では、最初のデータを新たに作ったデータを確認しましょう。
> #data > df.data # A tibble: 5 x 2 date sales <date> <dbl> 1 2017-08-01 100 2 2017-08-02 200 3 2017-08-03 300 4 2017-08-04 40 5 2017-08-05 500 > df.data_2 # A tibble: 5 x 2 date user <fctr> <dbl> 1 2017-08-01 1000 2 2017-08-02 20 3 2017-08-03 300 4 2017-08-04 4 5 2017-08-05 50
おっと、df.data_2のdateが<fctr>になってる。
df.data_2のdateを日付に変換するのを忘れてましたね。
変換しましょう。
> #日付に変換 > df.data_2$date <- as.Date(df.data_2$date) > > #data > df.data # A tibble: 5 x 2 date sales <date> <dbl> 1 2017-08-01 100 2 2017-08-02 200 3 2017-08-03 300 4 2017-08-04 40 5 2017-08-05 500 > df.data_2 # A tibble: 5 x 2 date user <date> <dbl> 1 2017-08-01 1000 2 2017-08-02 20 3 2017-08-03 300 4 2017-08-04 4 5 2017-08-05 50
これで準備OK。
やっぱり、tbl_dfだとすぐにデータ型を確認できるのでいいですね。
さて、2つのデータが揃ったので内部結合してみましょう。

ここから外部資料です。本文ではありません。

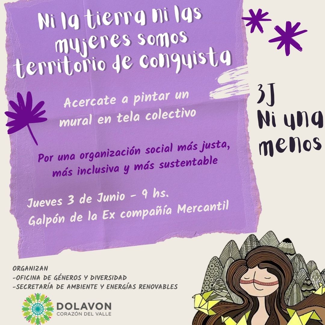 Bajo la consigna “Ni la tierra ni las mujeres somos territorio de conquista”. la municipalidad de Dolavon convoca a las mujeres para sumarse a la pintura de un mural colectivo en tela.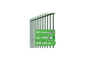 2D панельна основе сварной панели изоцинкованного прута и покрыты слоем ПВХ. Панели имеютповышенную жесткостьблагодаря использованию двойных горизонтальных прутов. Столбы выполнены из оцинкованной стали и покрыты слоем ПВХ (500 мкм.), что обеспечиваетсрок службы более 12 лет!Применение:идеально подходят для ограждения спортивных площадок.

両データに共通するカラムはdateなので、dateをキーにして2つのデータを結合すると、
> #inner_join > inner_join(df.data, df.data_2, by = "date") # A tibble: 5 x 3 date sales user <date> <dbl> <dbl> 1 2017-08-01 100 1000 2 2017-08-02 200 20 3 2017-08-03 300 300 4 2017-08-04 40 4 5 2017-08-05 500 50
こうなります。
他にも外部結合とかアンチ結合とかもできるので下記の記事をご参照ください。
---他の結合---
R 内部結合(inner join)
R 内部結合(複数key)
R 外部結合(left join, right join)
R 完全外部結合(full join)
R アンチ結合(anti join)
以上でdplyrの使い方は終わりです。
本当はまだまだ奥が深く1%も説明できてないですが、以上のことだけでも実用には十分だと思います。
次回は、tidyrという大規模データのクロス集計等を高速におこなうパッケージについて説明できればと思っています。